Embodied energies are more properly assessed by input/output analysis. For a material such as ingot iron, cement powder, or PET granules, the embodied energy/kg is found by monitoring over a fixed period of time the total energy input to the production plant (including that smuggled in, so to speak, as embodied energy of feedstock) and dividing this total by the quantity of usable material shipped out of the plant. Figure 6.1 shows, much simplified, the inputs to a PET production facility: oil derivatives such as naptha and other feedstock, direct power (which, if electric, is generated in part from fossil fuels with a production efficiency of about 35%), and the energy of transporting the materials to the facility.

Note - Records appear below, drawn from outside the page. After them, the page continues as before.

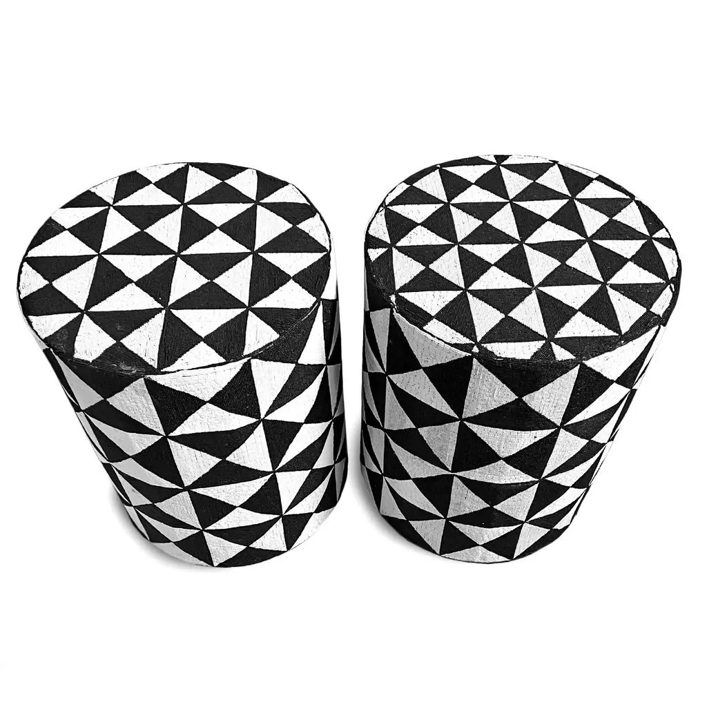 West African vintage black and white patterned hand beaded tribal round stool or side table from Yoruba Nigeria. Thousands of tiny beads cover these artistic beautiful and functional art pieces. Each sold individually.
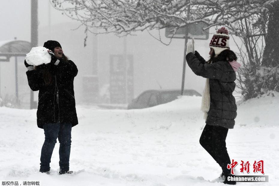 当地时间2019年1月3日,欧洲多地迎来降雪天气,大雪将城市变成了一个个浪漫的冰雪世界。图为希腊民众在街头打雪仗。
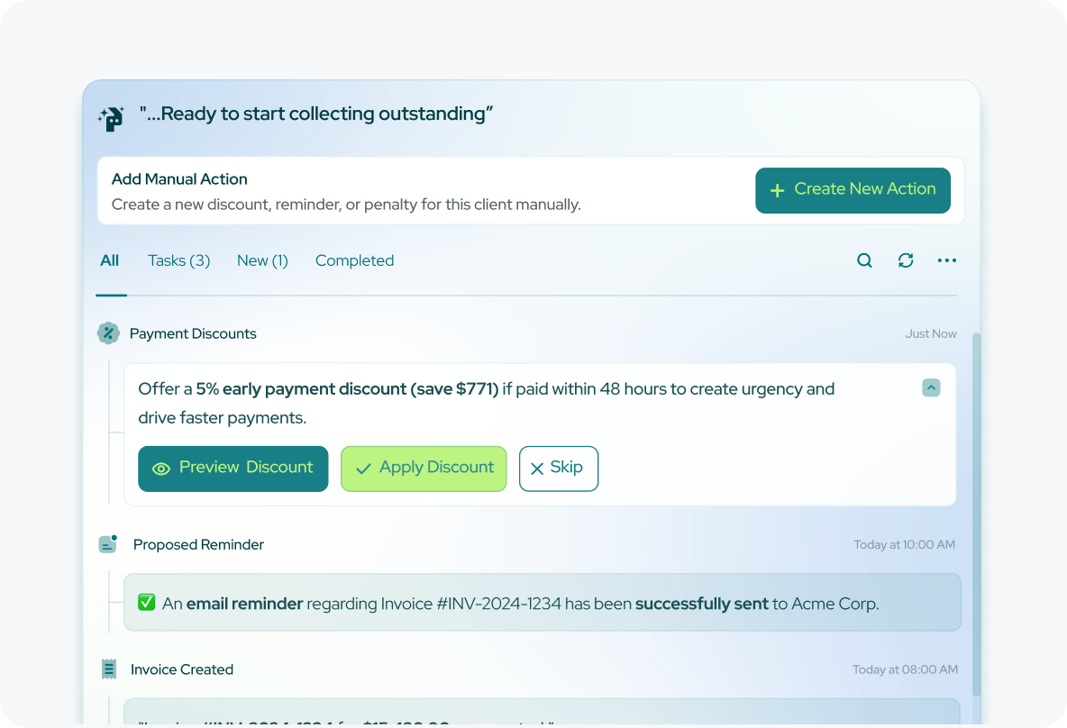 Your AI agent monitors every client, finds the right chasing strategy, and reduces late payments from day one.
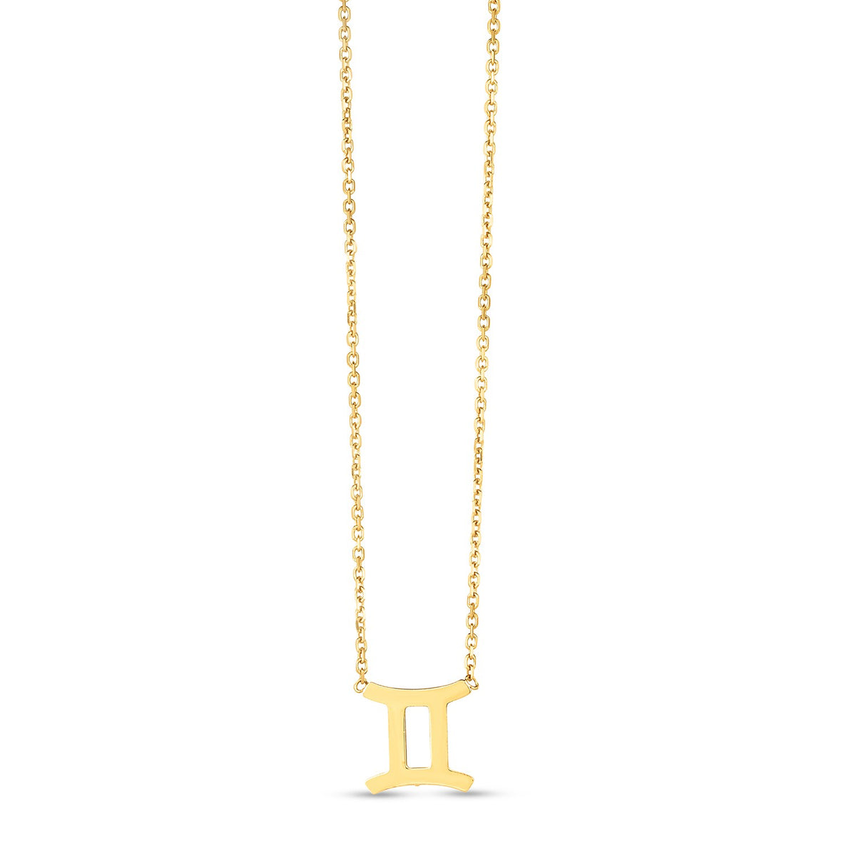 This Gemini necklace is beautifully crafted in 14k yellow gold with a high polish finish & secures with a spring ring clasp. This beautiful piece is hand crafted & a perfect piece for that special gemini in your life. Measuring 18 inches in length. Don't forget the matching earrings!
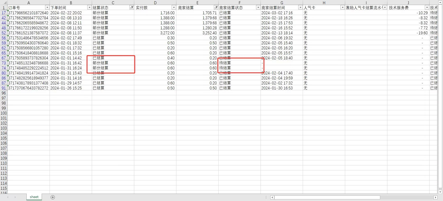 小店后台---资金结算---订单流水导出订单列表后,无结算时间的,
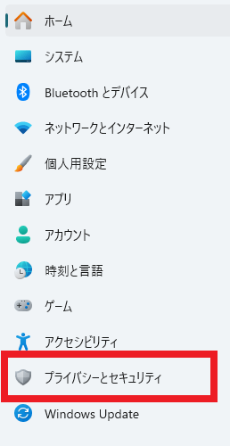 「プライバシーとセキュリティ」を選択します。
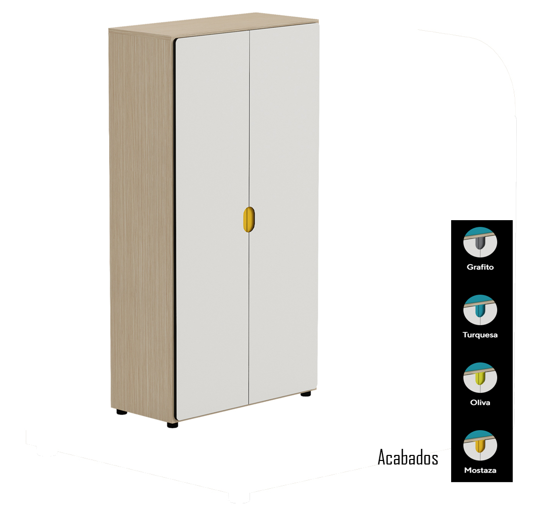 Minimalistas, robustos y con acabados neutros nórdicos, en que los colores los aporta el material escolar. Armarios bajos para almacenaje con estantes, cartulineros o bandejas. Puertas de CDF sin aristas vivas. Diseñados para un uso prolongado. Versátiles para la educación colaborativa o tradicional. Se entregan totalmente montados.

The material inputs to any processing operation are referred to as feedstock. Some are inorganic, some organic. Accounting for inorganic feedstock is straightforward because, during processing, they appear either in the final product or in the waste output. Accounting for organic feedstock is more complex because they can be used either as a material input or as a fuel input. When used as a fuel, the material is burned to provide energy and, once burned, is gone forever. In the case of fossil fuels—oil and gas— their use as fuels represents a depletion of the resource. By contrast, when organics are used as materials (oil as a feedstock for plastics, for example), its energy content is not lost but is rolled up and incorporated into the product. Using it in this way also represents a depletion of the resource, although it does not give rise to any air emissions.
In describing the embodied energy of materials or products it is important to include feedstock energies in the total because they represent a [23]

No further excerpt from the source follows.